Crédits photo : Yann Gourvennec
Si on suit ton raisonnement tous les ingénieurs chanceux de DS et du secteur High Tech pourrait toucher le SMIC/2 et être heureux…
La vraie question est oú est la limite acceptable et non confiscatoire du taux d’imposition. C’est aussi simple. l’impôt devrait être lié au niveau de la dette et au déficit public. Why not? Le vrai patriotisme C’est pendant une Guerre pas pendant la mondialisatiin oú les pays emergents nous taillent des croupieres.
Cest la mondialisation qui fait fuire nos talents.
Mais Elle est la!
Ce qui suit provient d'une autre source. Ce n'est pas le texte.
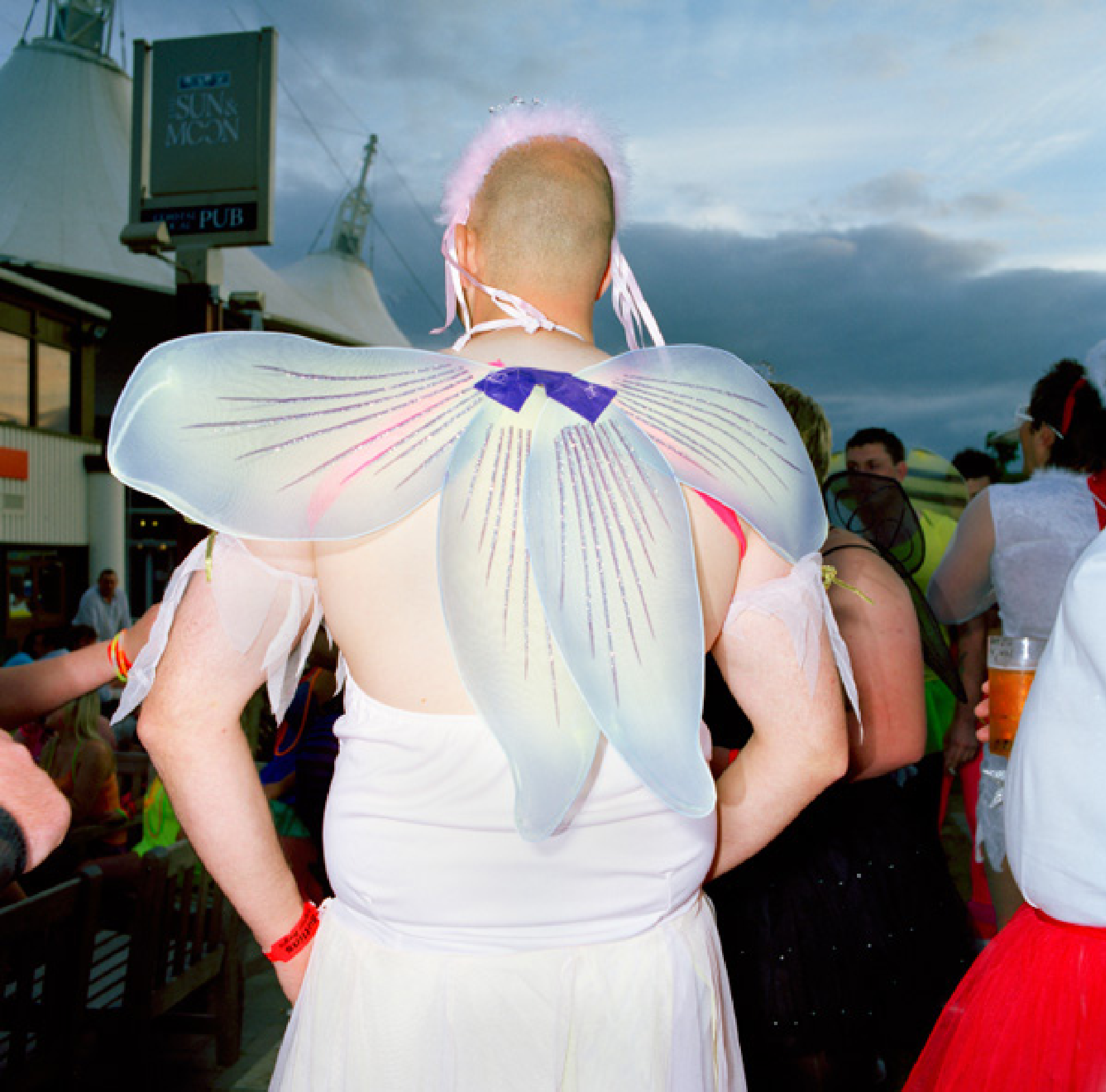
Bar, Centre Stage, 2010

La seule solution pour la France C’est l’innovation dans tous les domaines comme le Japon, la Corée ou Israel …
De plus la fiscalisation n’est présentée que pour stymatiser une certaine population aisée ne peut que la faire fuire et tout cela pour satisfaire une partie de l’électorat!
Le vrai scandale c’est les arbitrages de fiscalité autorisés légalement pas des gros mastodontes comme Google, Amazone, Microsoft qui profitent des possibilités offertes gratuitement par l’Europe en permettant à ces sociétés de se déclarer en Irlande ou au Luxembourg pour payer moins d’impôts et ne pas les payer en France qui en a a a tellement besoin!!!!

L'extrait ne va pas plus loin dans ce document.